At our best, we would stay in the room, make sure everyone was safe and stay connected to the child. The message is “I hear you. You can’t hit, but you can be angry.” That way the child can feel all the feelings and learn to tolerate what they feel.
 
Tolerating what we feel is a SUPER helpful skill to build. None of our parents were perfect. None of us are perfect.
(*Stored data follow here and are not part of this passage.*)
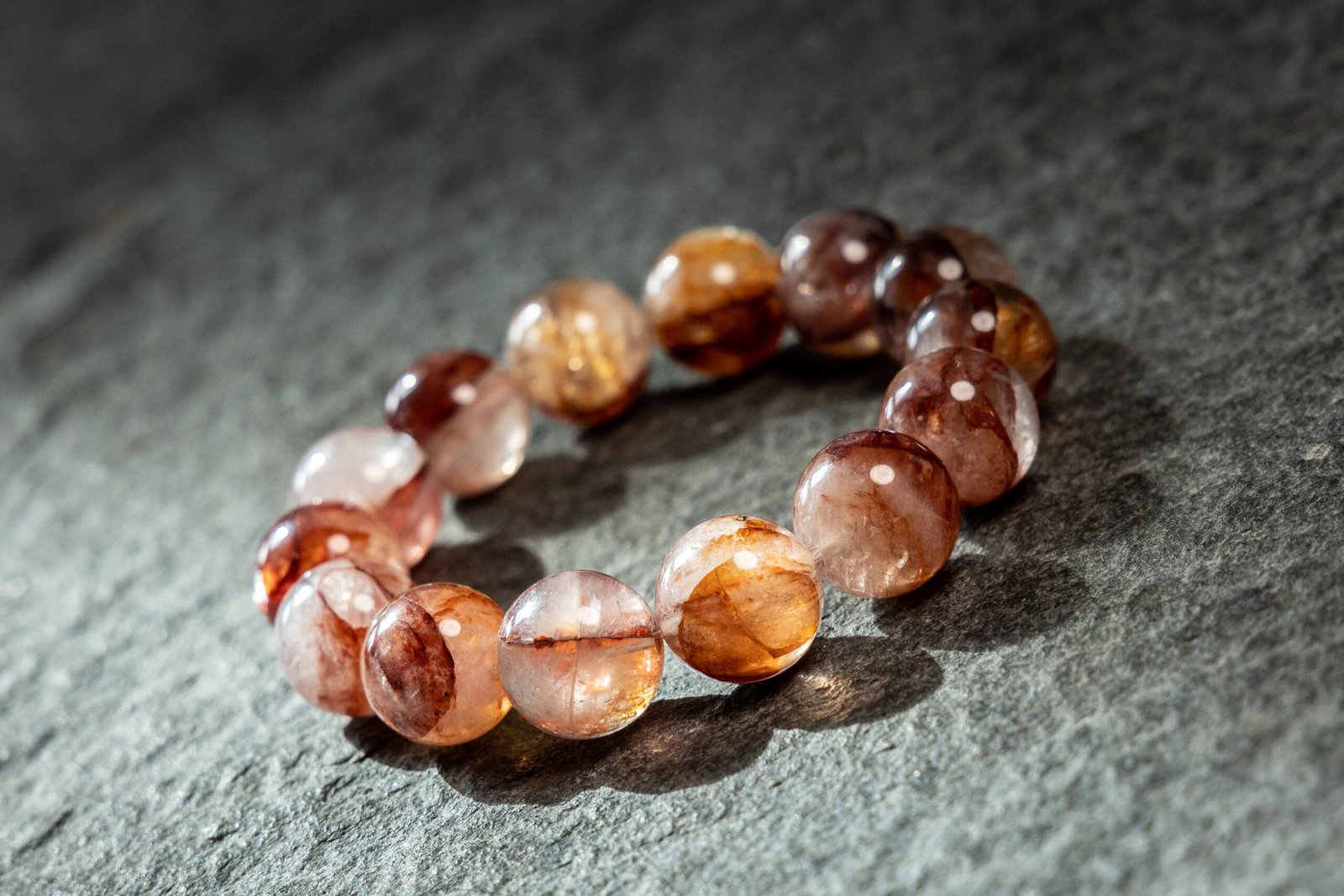 Koi flower agate, patterned with colors reminiscent of koi fish and blossoms, is celebrated as a stone of harmony and fortune. A bracelet of koi flower agate is said to attract good luck, encourage resilience, and promote joyful energy. It symbolizes perseverance and balance, like koi swimming gracefully against currents. Its vibrant patterns reflect individuality and creativity. Wearing koi flower agate is a charm of optimism, vitality, and harmony.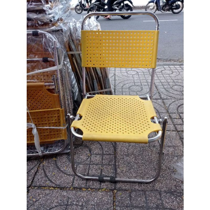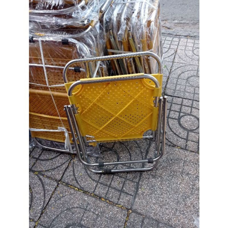 GHẾ CAFE KHUNG INOX MẶT NHỰA được cải tiến từ ghế xếp inox vải bố (thay thế vải bố bằng nhựa PP cao cấp) thường được sử dụng nhiều tại gia đình để nghỉ ngơi trong nhà, ngồi chơi trước nhà, nơi ban công, sân thượng. Ghế cũng được ưu chuộng tại quán nước, quán ăn V V V…mua từ 10 cái trở lên liên hệ 0395 314288 sẽ có giá rẻ hơn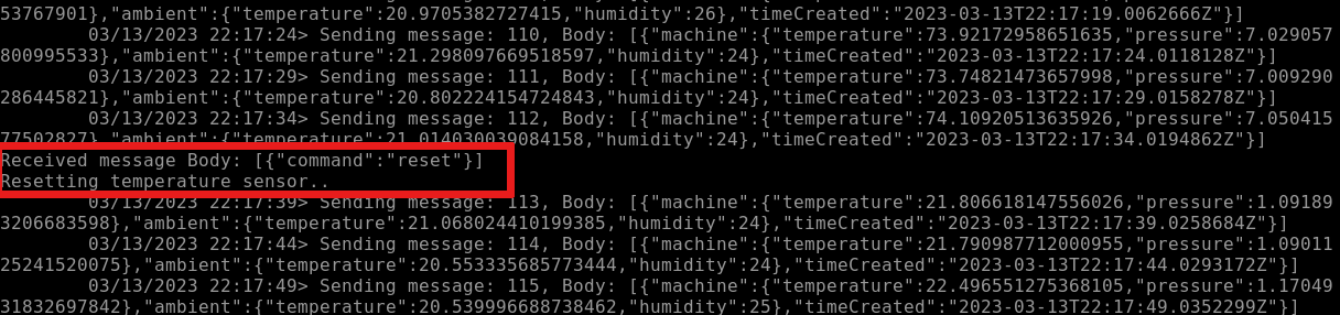 iotedge logs -f {moduleName}通过查看传感器日志,了解重置命令如何影响模拟温度传感器:

The good news is that we can build our capacity to tolerate uncomfortable feelings and pleasurable ones. Learning to relate. Connect to and tolerate what we feel helps us stay connected, and present. It helps us come out of or not go into freeze.
 
What is so hard about coming out of freeze is that  it can EASILY pop into rage, anger, and annihilation easily. None of us really wants to feel that, so we shut down again.
 
The key is building our capacity to stay connected to ourselves, our sensations and what we feel. We can all learn to slowly do this and move through anything we feel without harming ourselves or anyone else in the process.  
 
This week I was in a class with a teacher – we practiced a simple exercise to move out of freeze.
 
Give it a try – move your eyes around your space. Look at things a little in the distance. If you can look outside at the natural world. Scan the area with a soft gaze, allow your eyes to rest in your skull. Move your head and neck too as you look around. When you are ready, land on something. Name it and look at it. Notice your breath. Then close your eyes and notice an internal sensation. Just notice it. Name it. Return to opening your eyes and scanning the area allowing your head and neck to move too. Land on something else one more time, and name it. Notice your breath.
 
You can do this anytime. Build your capacity to track both the external environment and your internal landscape. Knowing what you feel as you look around your world with a soft gaze may seem simple, but it is something humans evolved to do over eons. When you move with your biology, you are in support of yourself.